On February 19, 2014, the Trust received a letter from UNITE HERE, a labor union representing hotel workers and the owner of 175 of the Trust’s common shares of beneficial interest (the “Union”), indicating that the Union intended to file preliminary proxy materials to advance four non-binding, corporate governance-related proposals (the “Proposals”) for consideration by the Trust’s shareholders at the 2014 Annual Meeting. The Trust responded on February 25, 2014, informing the Union that the Board valued the feedback received and, with its commitment to establishing and maintaining good corporate governance practices, would review the Proposals carefully. On March 4, 2014, the Union filed preliminary proxy materials relating to the Proposals.

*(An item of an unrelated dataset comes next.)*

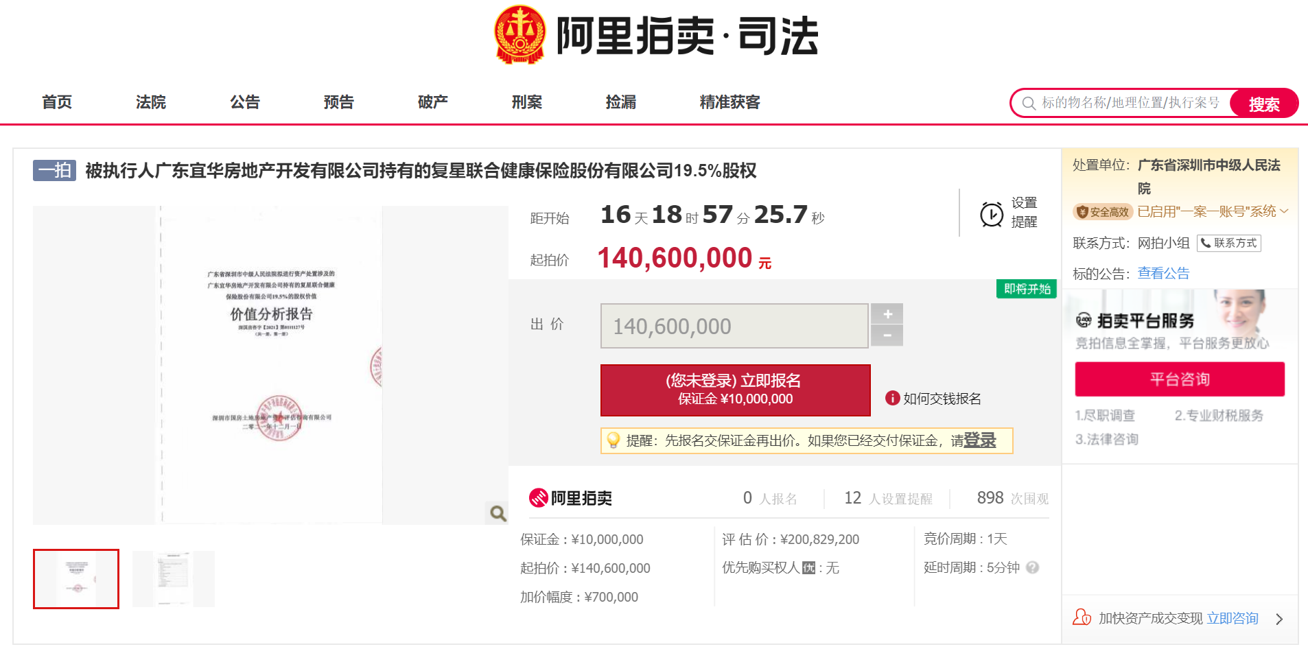 据阿里拍卖网,被执行人广东宜华房地产开发有限公司持有的复星联合健康保险股份有限公司(下称“复星联合健康”)19.5%股权将被拍卖,起拍价为1.41亿元,评估价为2.01亿元,拍卖开始时间为2022年1月28日10时至2022年1月29日10时。
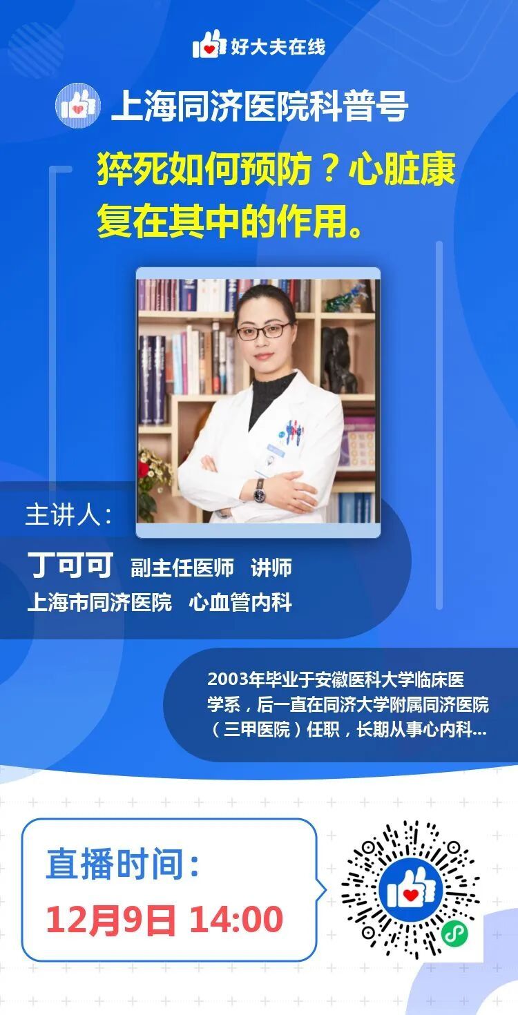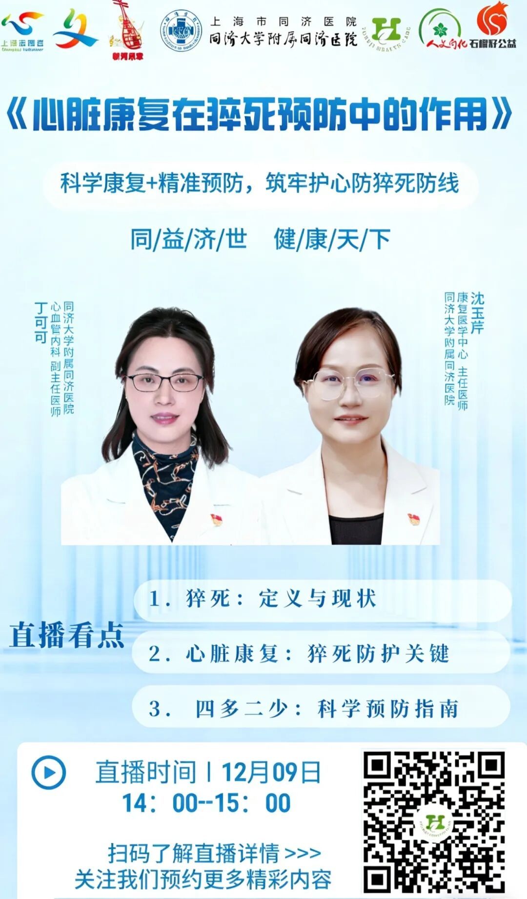 12月9日14:00由上海市志愿者协会指导,同济大学附属同济医院、上海市崇明区新时代文明实践中心、上海市崇明区向化镇人民政府、上海市崇明区新河镇人民政府主办,同济医院体检与健康管理医学中心、康复医学中心、社会工作部、上海崇明石榴籽公益发展中心联合承办的《心脏康复在猝死预防中的作用》主题直播即将开启!

The Board values the input and insights of the Trust’s shareholders and believes that effective shareholder engagement strengthens the Board’s role as an informed and engaged fiduciary. As a result, despite concerns about certain of the statements made in the Union’s preliminary proxy materials that inaccurately implied certain members of the Trust’s management and Board were responsible for the bankruptcy of Highland Hospitality Corporation following the sale of that firm to affiliates of JER Partners in 2007, the Board engaged the Union in a dialogue about its goals in respect of the Proposals as part of the Board’s active review and consideration of the Trust’s corporate governance practices. After a thorough review, the Board concluded that the Proposals were in the best interests of the Trust and its shareholders and informed the Union of its intention to implement each of the Proposals. The changes to the Trust’s corporate governance practices were disclosed in the Proxy Statement under the caption “CORPORATE GOVERNANCE AND BOARD MATTERS – Communicating with the Board” and in the Trust’s Current Report on Form 8-K filed with the SEC on April 1, 2014.

The purpose of this Supplement is to confirm that prior to filing the Proxy Statement the Trust had been advised by the Union that, as a result of the Trust’s implementation of all of the corporate governance changes sought, the Union had withdrawn the Proposals and would not seek to present any of them at the 2014 Annual Meeting.